Figure 6. Experimental strategies to identify target genes. (A) DNA-targeting tools can consist of tandem zinc finger DNA-binding domains, each of which binds to three nucleotides of DNA. Top: fusion of the nonsequence-specific nuclease FokI to zinc finger arrays creates genomic scissors called zinc finger nucleases (ZNFs); dimerization of two ZFNs targeting a specific sequence from opposite sides is required for DNA cleavage. Bottom: effector domains can also be fused to zinc finger arrays; the ZNF-effector proteins do not require heterodimerization to function. (B) DNA-targeting tools can consist of tandem TALE DNA-binding domains, each of which binds to one nucleotide of DNA. Top: fusion of the nonsequence-specific nuclease FokI to the DNA-binding array creates TALENs. Bottom: effector domains can be fused to TALE domains. Similar to ZNFs, two TALENs are necessary to perform a site-specific DNA cleavage, but only one TALE-effector is needed for modify the genome. (C) The CRISPR/Cas9 system utilizes guide RNAs (gRNAs) to bring a Cas9 nuclease to a complementary DNA target to perform site-specific genomic editing.
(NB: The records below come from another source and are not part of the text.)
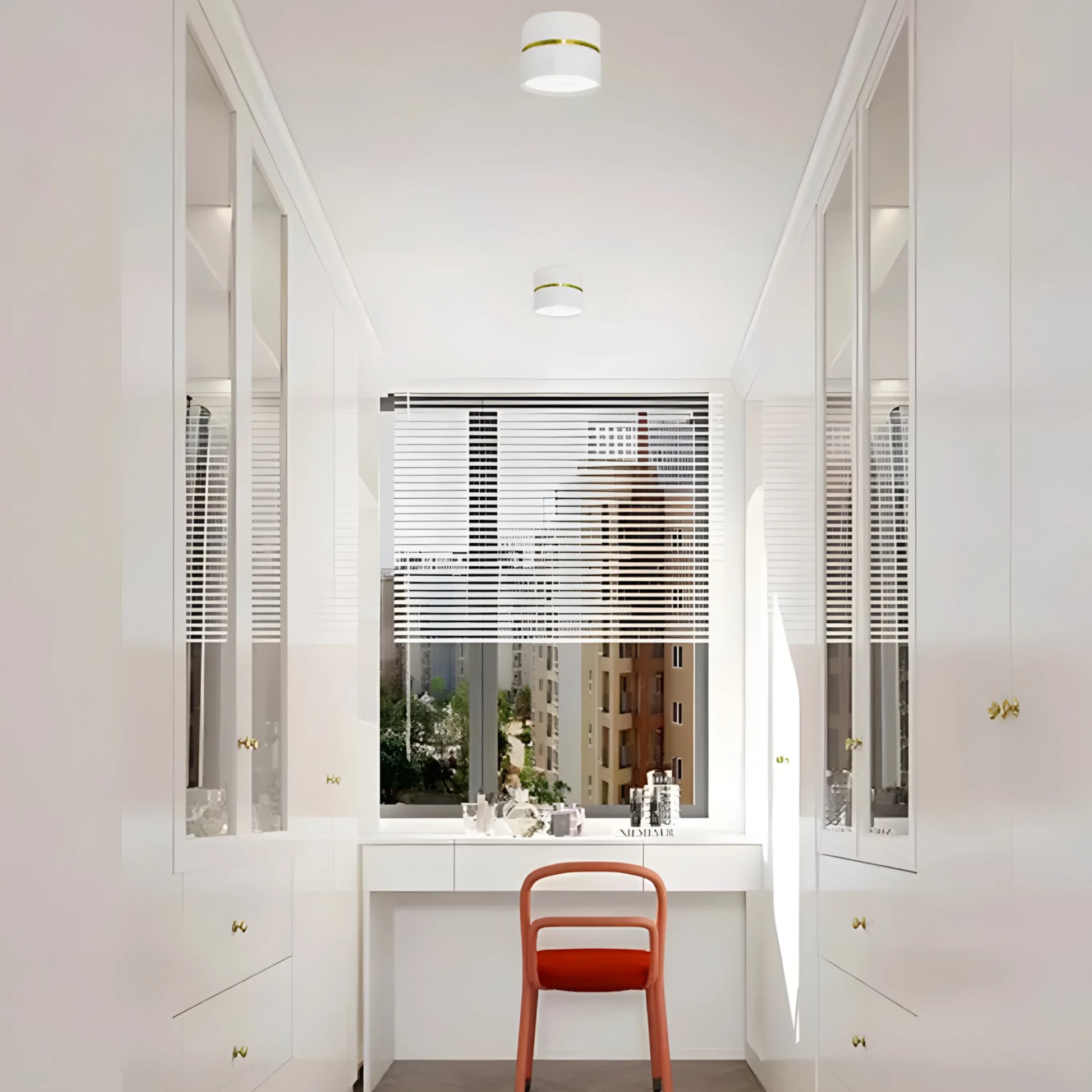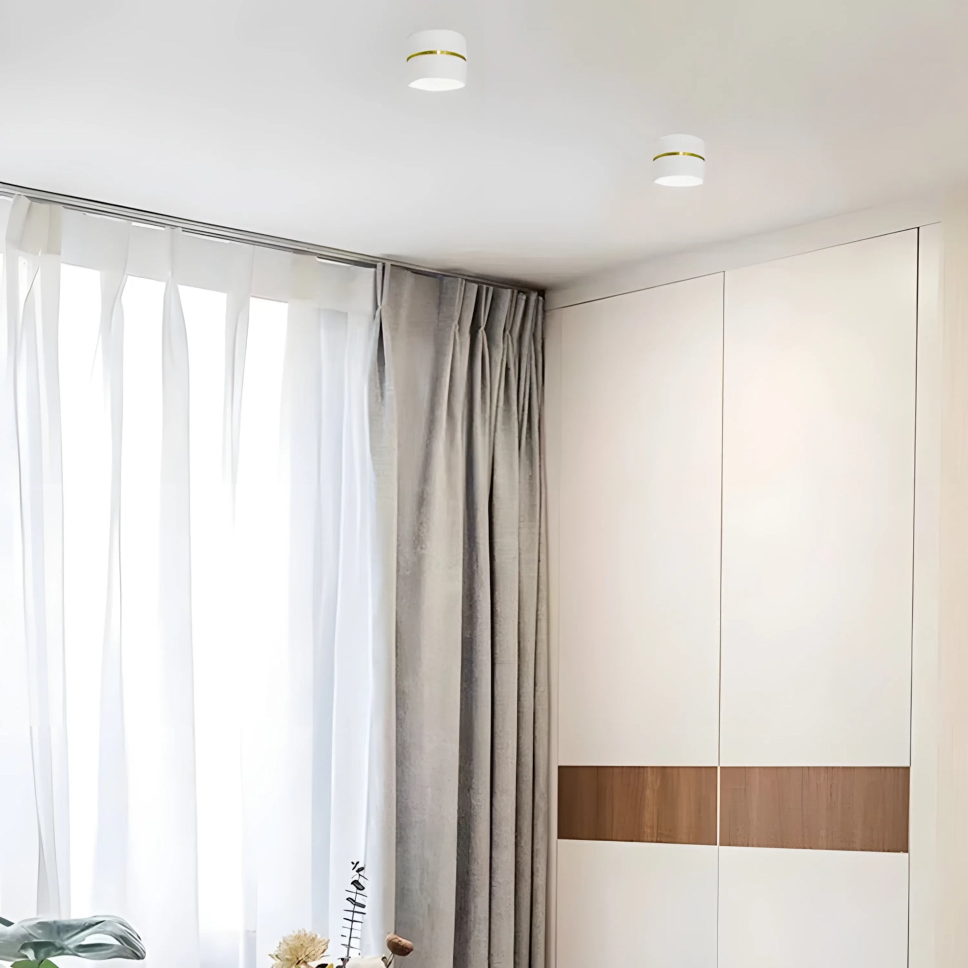 Ce plafonnier LED en aluminium associe un design compact et une touche dorée élégante pour sublimer discrètement vos espaces de passage. Facile à installer et proposé en plusieurs couleurs et températures.
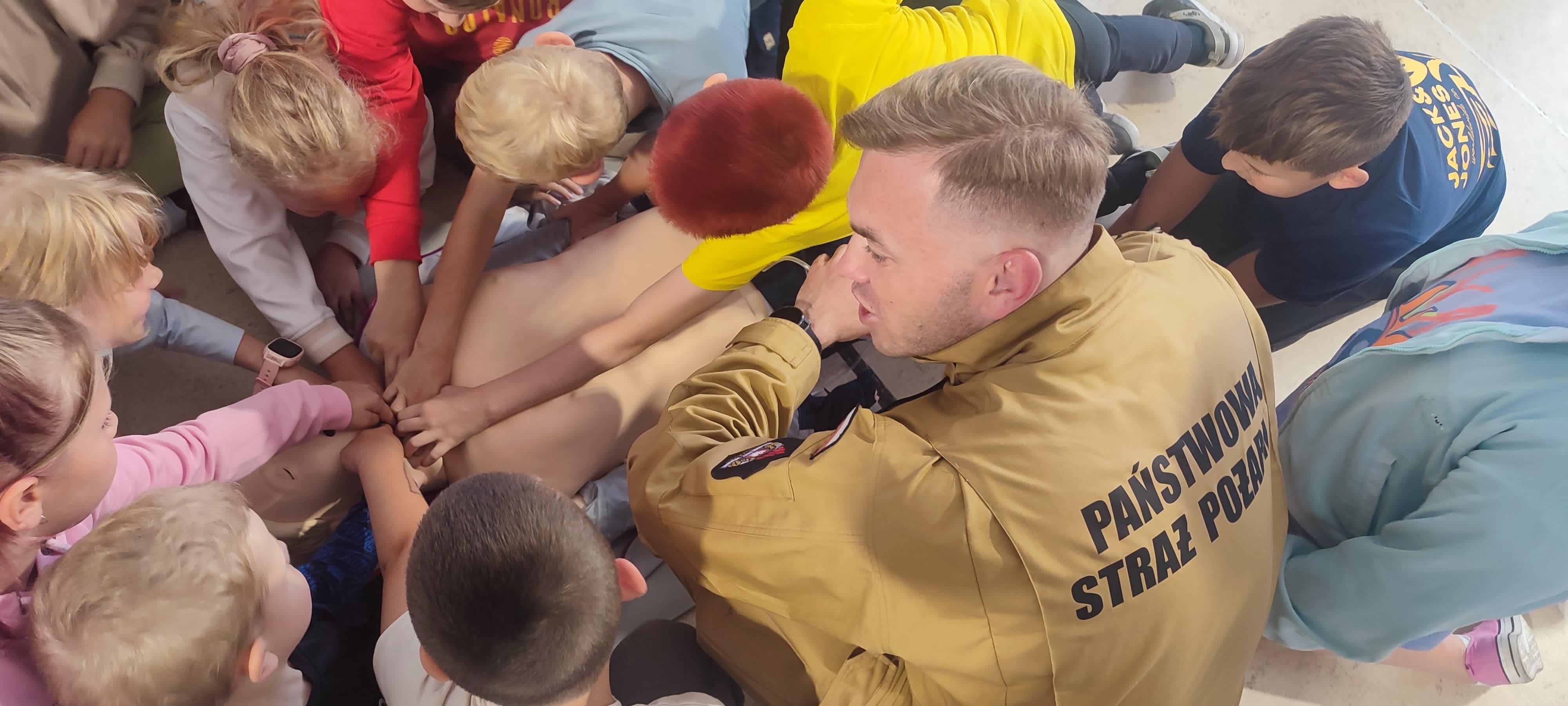 Podczas wizyt na terenie obozów harcerskich prowadzimy szkolenia z zakresu bezpieczeństwa pożarowego oraz pierwszej pomocy, ucząc dzieci i młodzież, jak reagować w sytuacjach zagrożenia życia i zdrowia.
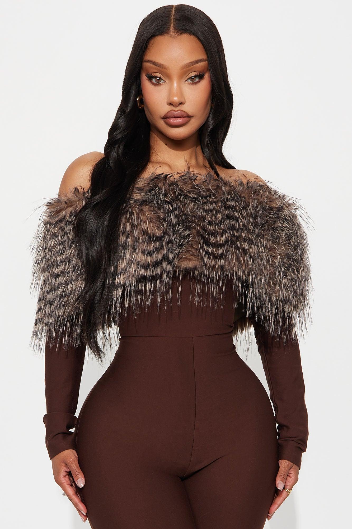 Play Nice Fur Trim Skinny Leg Jumpsuit - Chocolate Female
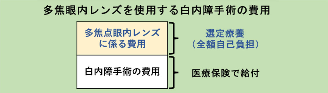 選定療養とは、患者さんご自身が選択して受ける追加的な医療サービスで、その分の費用は全額自己負担となります。令和4年より、術後の眼鏡使用の軽減を目的とした多焦点眼内レンズを使用する白内障手術は、厚生労働省が定める選定療養の対象となりました。
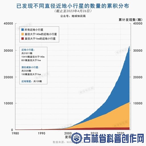 目前,我们对直径大于 1km 的近地小行星的观测较为完备;还有大量直径小于 1km 的近地小行星未被观测到,未被观测到的小行星中存在大量潜在威胁的小行星。
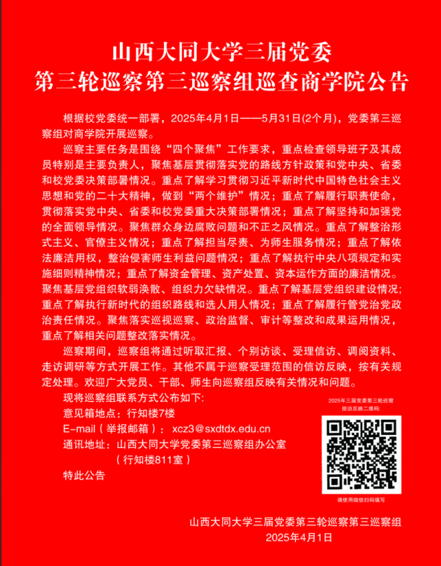 校党委第三巡察组巡察时间为2025年4月至5月。为便于广大干部群众、师生员工反映情况,巡察组公布电子邮箱、意见箱及举报二维码。受理信访举报的时间为工作日的上午:8:00-12:00,下午:2:30-6:00。具体联系方式:第三巡察组电子信箱(举报邮箱):xcz3@sxdtdx.edu.cn;意见箱在行知楼7楼大厅,并在学院张贴巡察进驻公告。
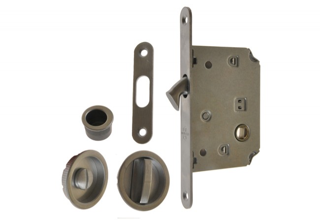 The set includes: mortise lock, hook recessed handle, two rounded plate with toilet locking recessed handle

Effector domains can also be fused to a nuclease-deficient Cas9 (dCas9). (D) Genomic-editing tools can be used to create a single DNA cleavage event that disrupts a TF motif. (E) Two sets of heterodimeric ZFNs or TALENs or one pair of guide RNAs can be used to create two DSBs flanking the target enhancer region. The enhancer will be deleted, and the gap will be repaired by nonhomologous end joining (NHEJ). (F) Enhancer activity can be repressed using chromatin-editing tools if an effector domain, such as a DNA methyltransferase (DNMT) that can methylate an enhancer or a histone demethylase (LSD1), that can remove methylation from H3K4me1, is fused to the zinc finger or TALE arrays or to a nuclease-deficient Cas9 (dCas9). (see the color version of this figure at www.informahealthcare.com/bmg).